SATURDAY- I woke Parker up at 11pm had him go potty, and then he went back to bed.  He woke as well around 1 or 2 and starting crying so I went in his room and showed him to the bathroom. He went potty and then went back to bed.  Woke up dry.

SUNDAY- I tried to wake him at 11pm to go, but he was so out it didn't work out.  I decided for us this wasn't something I'd try again.  He woke up at 2 am crying.  When I went into his room he ran out and wanted me to read him a story, but was still dry.  I told him to go use the potty which he refused to do.  I was finally able to bribe him with a story.  After he went potty I read him a story and then sent him back to bed.  He was dry when he got up for good.

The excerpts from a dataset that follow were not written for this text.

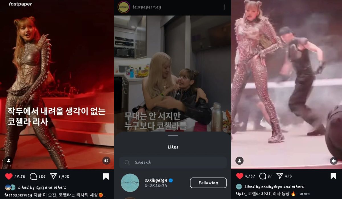 Poco después, G-Dragon mostró su apoyo dejando likes a varias publicaciones en Instagram relacionadas con la actuación de Lisa, lo que ha emocionado a todos los fans del K-Pop por este apoyo discreto pero sincero a la rapera.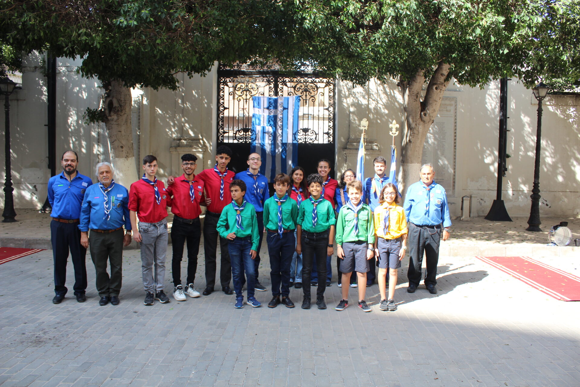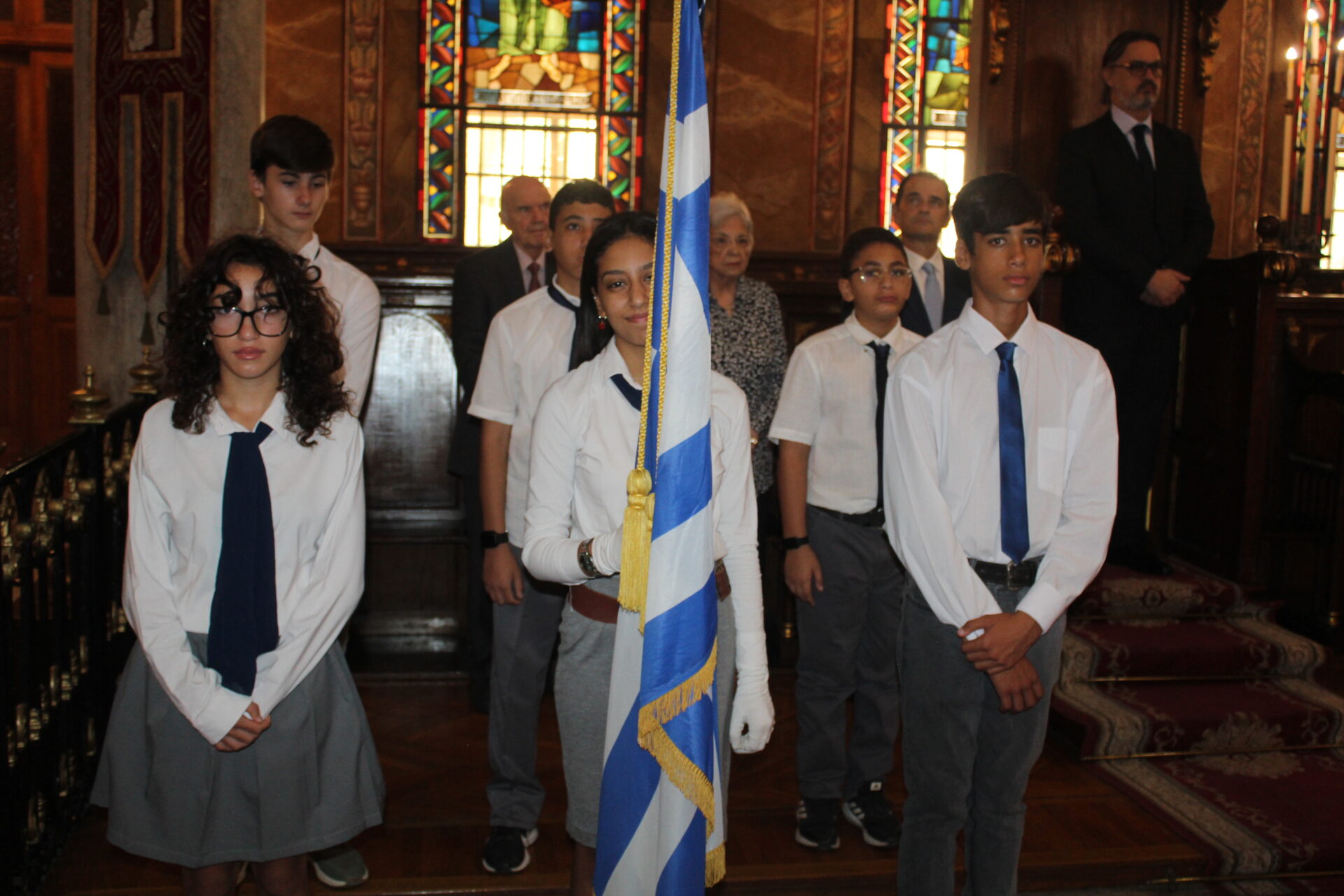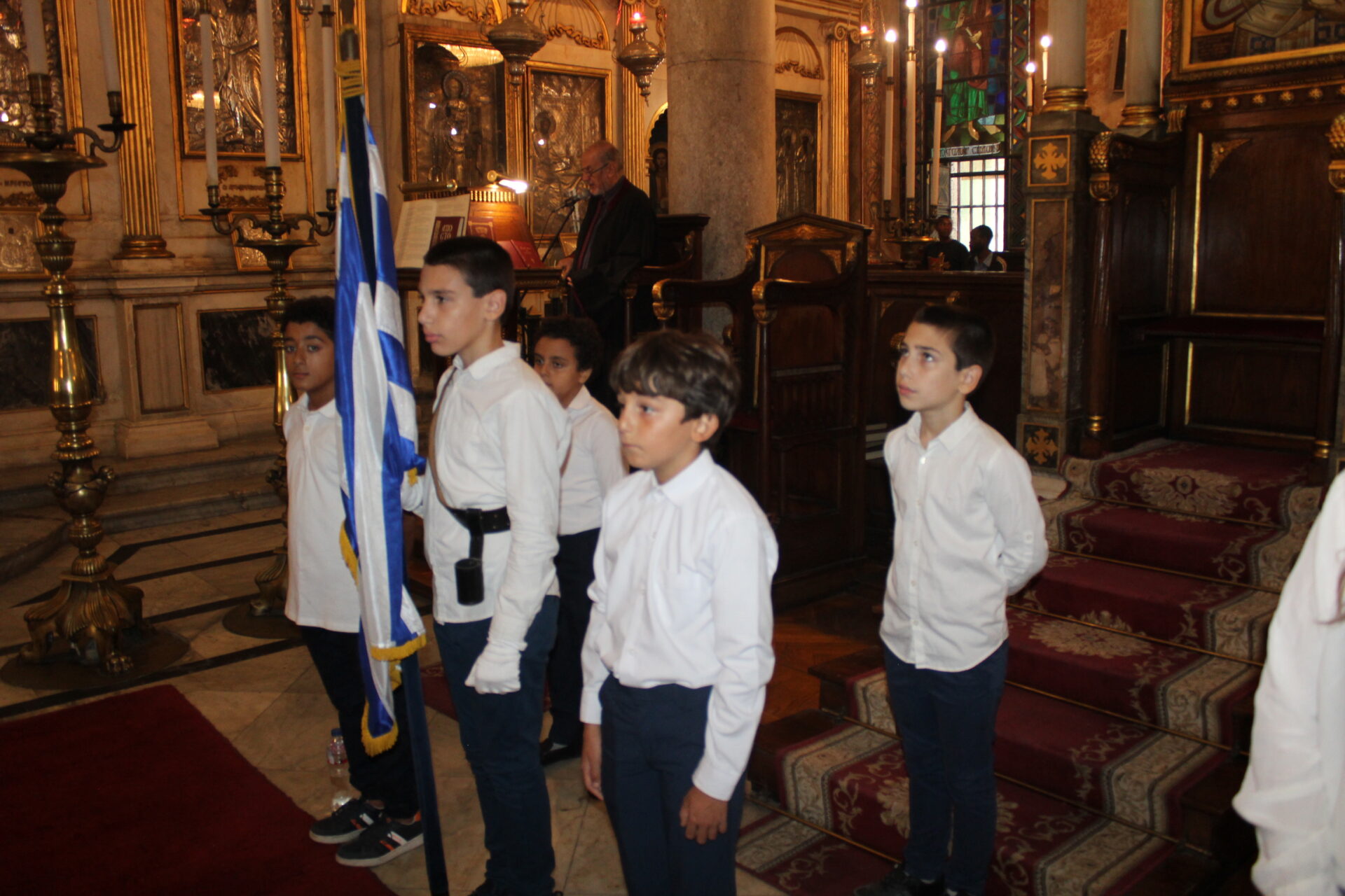 Από νωρίς τα Λυκόπουλα, οι Πρόσκοποι και οι μαθητές των Σχολείων της Ελληνικής Κοινότητας είχαν πάρει τις θέσεις τους έξωθεν του Ιερού Ναού και στη συνέχεια με τάξη και σεβασμό προς το κλέος της ημέρας, παρατάχθηκαν με τις σημαίες σχηματίζοντας ένα διάδρομο. Κι όταν εδόθη το σήμα απ΄ τον Έφορο Διοίκησης κ. Άρη Μαρκοζάνη τα εμβλήματα του έθνους έγειραν στα χέρια των σημαιοφόρων και απεικόνισαν την τιμή προς τους νεκρούς και την υπόσχεση της αιωνίας υπενθυμίσεως.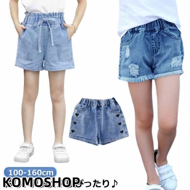 ジュニア デニムパンツ 女の子 ショートパンツ ダメージ加工 キッズ フリンジ 短パン 子供 キッズ ミニ 子供 子ども こども かわいい ベビー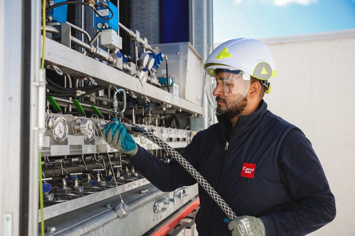 Η Coral Gas ανέλαβε την προμήθεια και μεταφορά από το εξωτερικό, και εν συνεχεία αποθήκευση του πράσινου υδρογόνου για τη λειτουργία του πρατηρίου. Στο μέλλον η πλήρωση των trailers θα γίνεται στο σταθμό φόρτωσης υδρογόνου που κατασκευάζει η Motor Oil στο διυλιστήριο.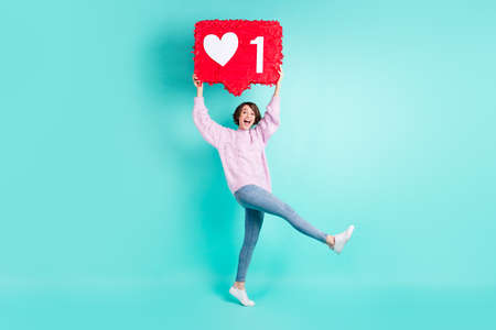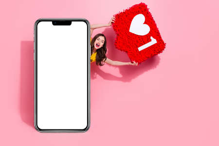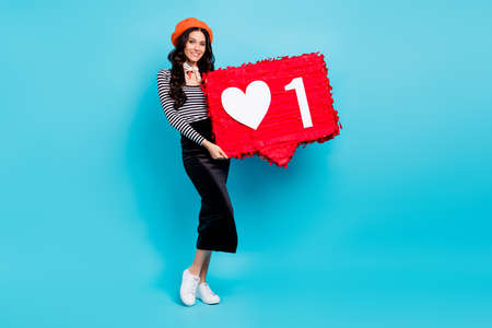 Photo of young attractive girl happy positive smile hold pinata notification icon like isolated over blue color background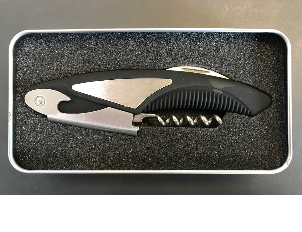 Proff. tjenerproptrækker, udført med ergonomisk silikone håndtag og i rustfri stål.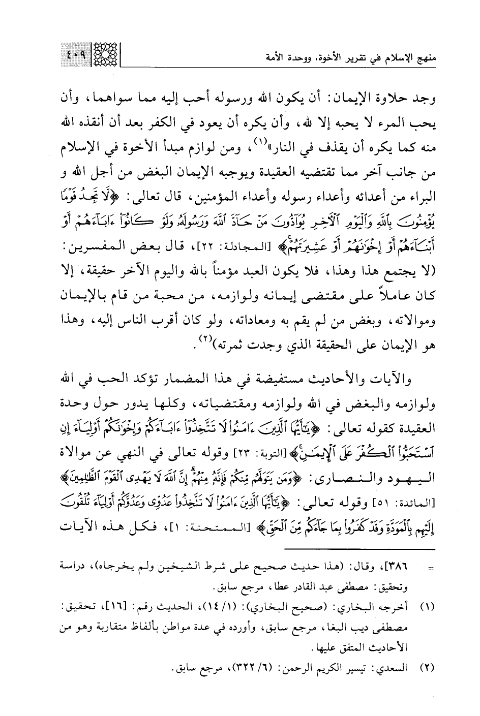 والآيات والأحاديث مستفيضة في هذا المضمار تؤكد الحب في اللَّه ولوازمه والبغض في اللَّه ولوازمه ومقتضياته، وكلها يدور حول وحدة العقيدة كقوله تعالى: {يَاأَيُّهَا الَّذِينَ آمَنُوا لَا تَتَّخِذُوا آبَاءَكُمْ وَإِخْوَانَكُمْ أَوْلِيَاءَ إِنِ اسْتَحَبُّوا الْكُفْرَ عَلَى الْإِيمَانِ} [التوبة: 23] وقوله تعالى في النهي عن موالاة اليهود والنصارى: {وَمَنْ يَتَوَلَّهُمْ مِنْكُمْ فَإِنَّهُ مِنْهُمْ إِنَّ اللَّهَ لَا يَهْدِي الْقَوْمَ الظَّالِمِينَ} [المائدة: 51] وقوله تعالى: {يَاأَيُّهَا الَّذِينَ آمَنُوا لَا تَتَّخِذُوا عَدُوِّي وَعَدُوَّكُمْ أَوْلِيَاءَ تُلْقُونَ إِلَيْهِمْ بِالْمَوَدَّةِ وَقَدْ كَفَرُوا بِمَا جَاءَكُمْ مِنَ الْحَقِّ} [الممتحنة: 1]، فكل هذه الآيات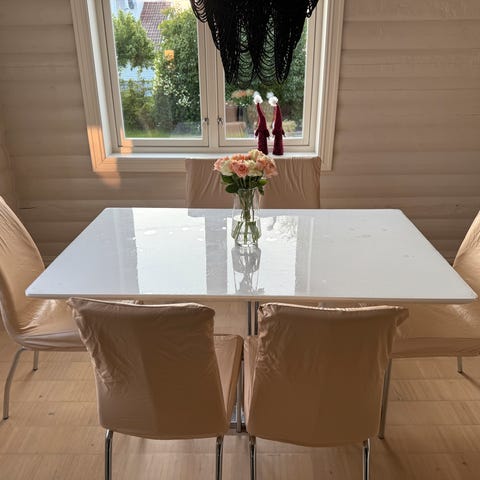 Pent brukt, men er noen flekker på stolene og noen på bordet. Kan være flekkene på bordet går bort om man oljer det på nytt.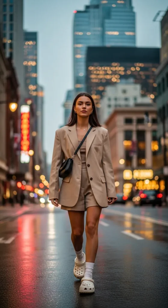 An oversized blazer paired with shorts creates a chic contrast when styled with Crocs. It’s a modern street-fashion look with relaxed sophistication.
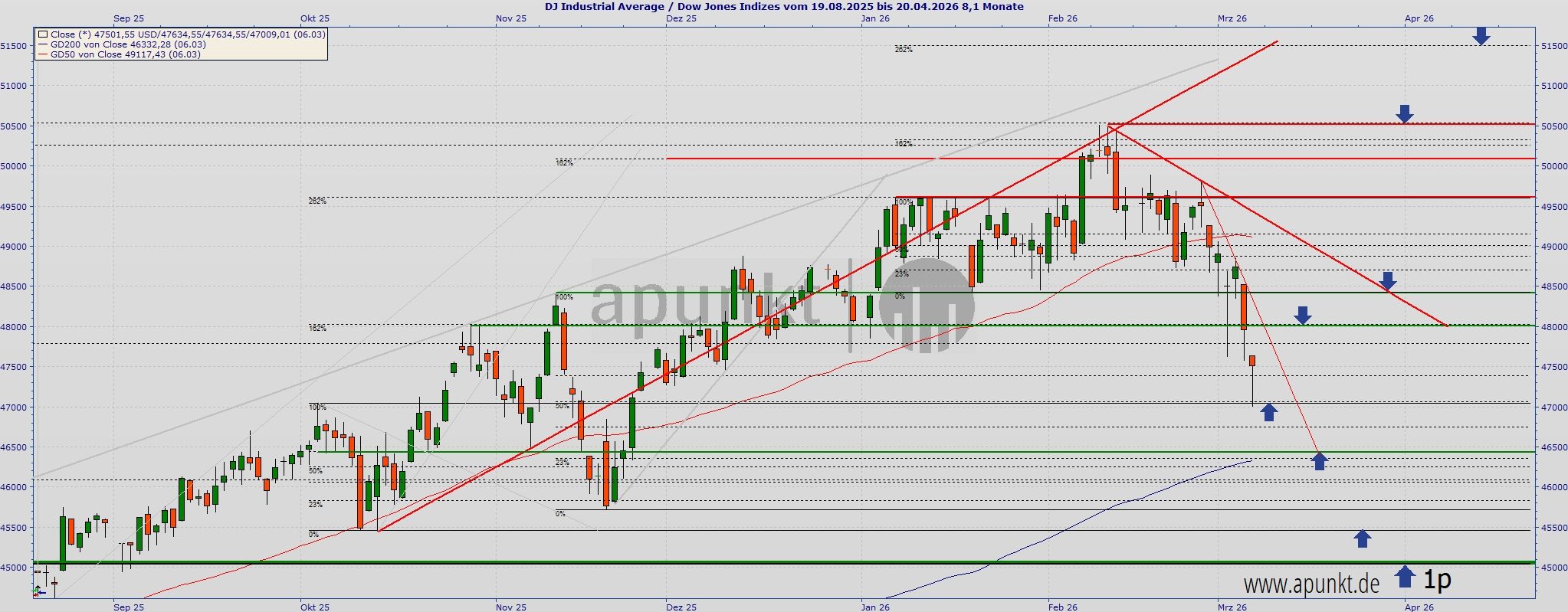Nach oben gibt es ein erstes positives Signal, wenn die kurzfristige steile Abwärtstrendlinie gebrochen werden kann. Diese verläuft am kommenden Freitag bei ca. 47.200.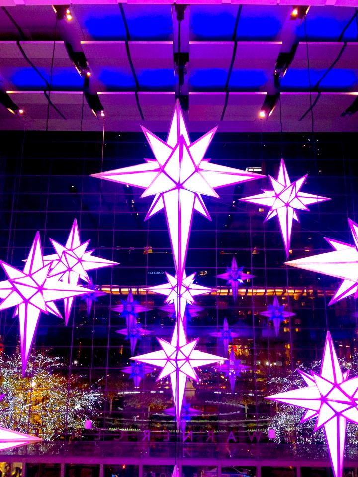 最後はタイムワーナーセンター名物の星のイルミネーション。吹き抜けの天井から吊るされた星形のライトは、時間の経過とともに色が変化するので、時間の経過も忘れてついつい見入ってしまうほど。 さて、いかがでしたか。この時期、ニューヨークのイルミネーションみどころはまだまだたくさんあります。どうか寒さにめげず街歩きを楽しんでくださいね。

MONDAY-  (I put a diaper on him because he had had A LOT of liquids that night) woke up at 5am with a soaked diaper and PJ's.  After I changed him into underwear and clean clothes he was up for the day :(

TUESDAY - Woke at 1am ran through the house screaming.  By the time I got up to help him he was standing by the toilet so I let him finish and helped him wash his hands and brought him back to bed.  He was dry when he finally woke up for good.

WEDNESDAY- Wanted a diaper when he went to bed, but I told him he was a big boy and he wore underwear to bed like mommy and daddy.  Woke up dry (and as far as I know didn't wake up during the night).

I think the worst is behind us, but I'm sure we still have awhile before I won't have him wear a diaper when we don't sleep at home.